How to Run From Scratch

Although it might sound like it, this isn’t a sponsored post.  But should I suddenly appear in a sports bra commercial (!), which would be an excellent commercial decision (!!), we have this post to thank.

Back in January 2012 I was talking to another mother, Lisa, at the school gate. Lisa was looking very sporty in head-to-toe running gear.  After dropping off the kids, she was heading to Wimbledon Common for a run.

I was impressed.  Not just with her easy wearing of full lycra; I was impressed she was going for a run at all.  I can walk for my country and I am a talented sitter – ideally while eating Twisties (cheese not chicken).  But I couldn’t run and I told her so. Running just wasn’t on my radar, it was in the same category of things like tinkering with engines, drinking green juice or anything to do with tapestry.  Just not something I would do.

She asked if I had an injury.

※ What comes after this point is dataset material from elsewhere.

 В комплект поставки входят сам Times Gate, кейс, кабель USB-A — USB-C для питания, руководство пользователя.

I didn’t.  She made a great point: with two working legs and no injuries, I was physically capable of running.  Why not give it a go?  She never used to run either.  She told me to start small and to keep doing it.  It worked for her.

So I did.


“We’re all having so much fun!”

My first run was for 16 minutes and I thought I was going to collapse. It wasn’t much, but far better than zero minutes which I had previously mastered.

Since then, while I’m not winning medals any time soon, I actually do go for regular runs.  And this is what I would say to anyone who thinks they can’t, as I did.  I’ll preface it by saying that I’m far from an expert. I’m not super fit and I don’t run as often as I should.

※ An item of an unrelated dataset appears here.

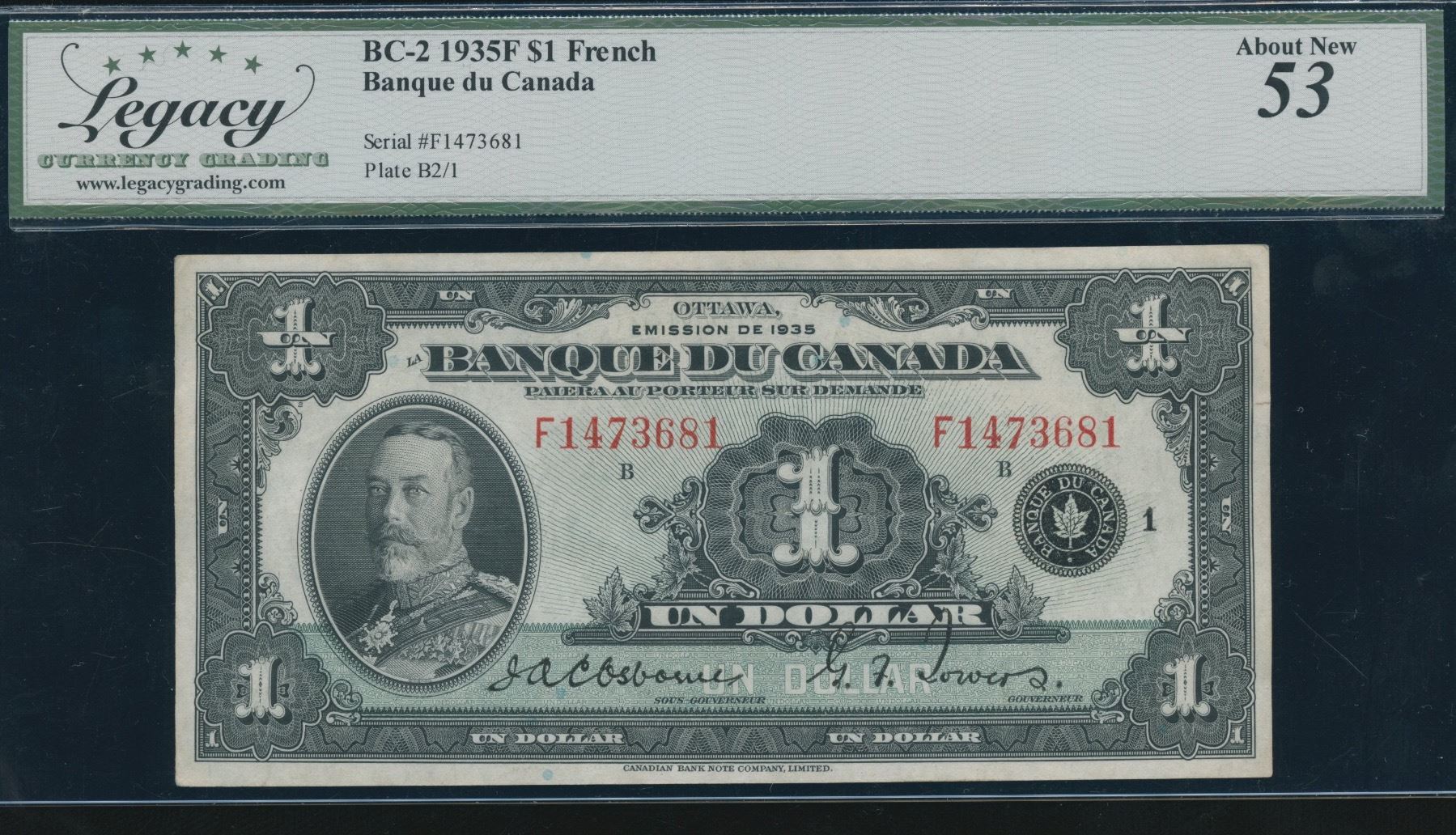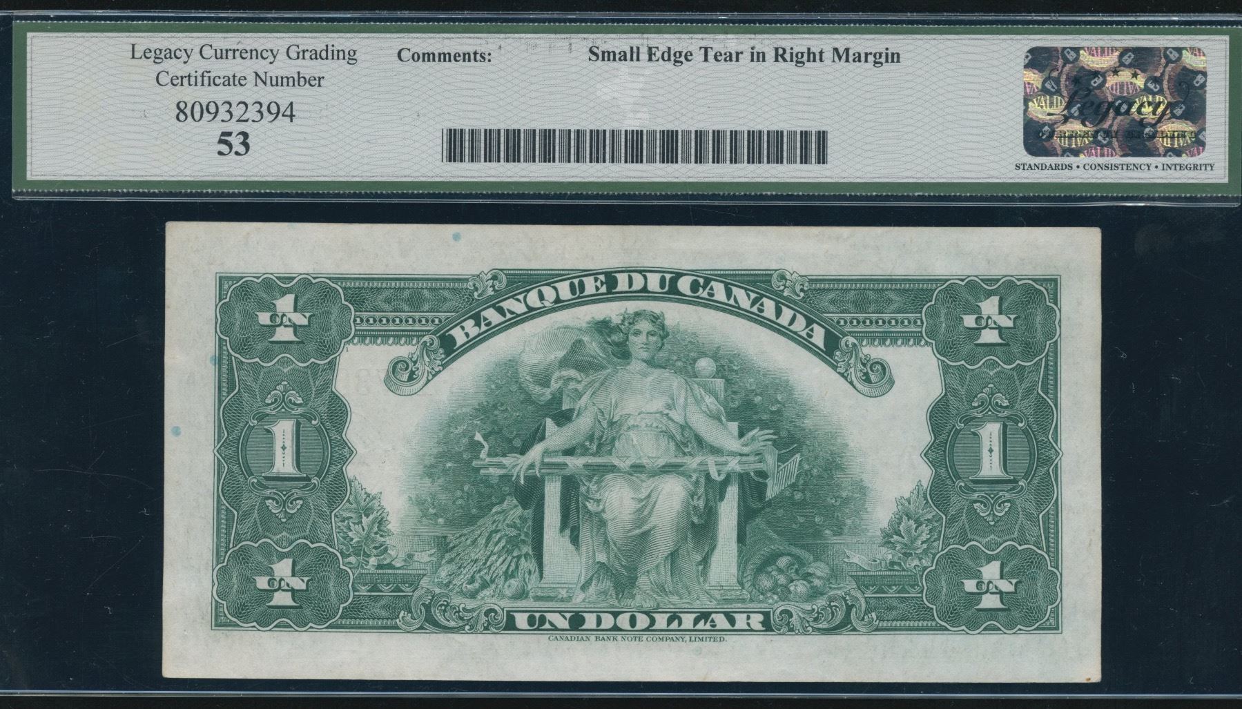 BC-2. Legacy AU53, small edge tear in right margin. S/N:F1473681/B.

But I am a good example of someone who had never, ever been for a jog before who now makes running a (small) part of her life.  I now enjoy running – I don’t love it, but I feel fantastic afterwards.  Although I really need to go for a run without blabbing it to everyone afterwards.   It must be so annoying.

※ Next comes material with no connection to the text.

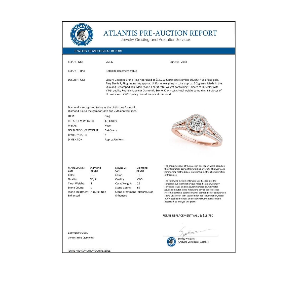 REF-378W8F -26647 ---- 1.3 CTW Certified VS/SI Diamond Solitaire Halo Ring 18K Rose Gold ---- Luxury Designer Brand Ring Appraised at $18,750 Certificate Number US26647 18k Rose gold, Ring Size is 7, Ring measuring approx. Uniform, weighing in total approx. 5.2 grams. Made in the USA and is stamped 18k, Main stone 1 carat total weight containing 1 pieces of H-J color with VS/SI quality Round shape cut Diamond , Stone #2 0.3 carat total weight containing 62 pieces of H-I color with VS/SI quality Round shape cut Diamond

Don’t wait until you feel motivated.  Motivation is not your friend.  It’s when you really, really don’t feel like exercising that you really, really need to (note to self: take own advice).

Start small.  Start with anything – a 5 minute run is a start!  The idea is to make your next run last for 6 minutes, and keep building it up.  Getting started is the hardest part, so once you’ve got a couple of runs under your belt, you’re over the worst.

Personally, the first kilometre of a run is a kind of torture.  Keep your feet light, try to find a rhythm and don’t overthink it.  Just keep going, run through it and you’ll hit a spot when you suddenly think “Wow I’m actually enjoying this!  WTF??”

About to keel over?  Walk.  Imminent heart attack?  Stop. There are times when I can’t get into the run at all, so I’ll find myself a nice hill and walk quickly up that.  Or I’ll look at the hill, turn around and go home.

Goals are good.  If I decide to run a certain distance, but I’m still feeling fresh(ish) and have time at the end, I’ll keep going.  If there’s more fuel in the tank, try to use it!  If I can’t manage any runs during the week I’ll aim for a big one on the weekend.

Don’t have time?  I get that.  Spare time is precious and there are so many great ways you can spend it.  Personally, there are people way busier than me who make the time, so I think I should too.


Crossing the bridge at Blackmores. Super flattering!


I use Runkeeper.  It tracks how far I go, gives me an exact map, I can enter goals and it tracks all my runs.  It’s great.  I recommend going into Settings and switching off the audio cues.  Otherwise you’ll hear a constant stream of information, and I much prefer listening to music than “Time: 20 minutes, average pace: seriously slow…” (I should add they don’t actually critique your running).

If it’s been a while and I need help getting back into it, I’ll use 5k Runner.  This prompts you to walk and run at intervals.  Another great one is Couch to 5.


I don’t know how anyone runs without music, I really don’t.  I admire those that do.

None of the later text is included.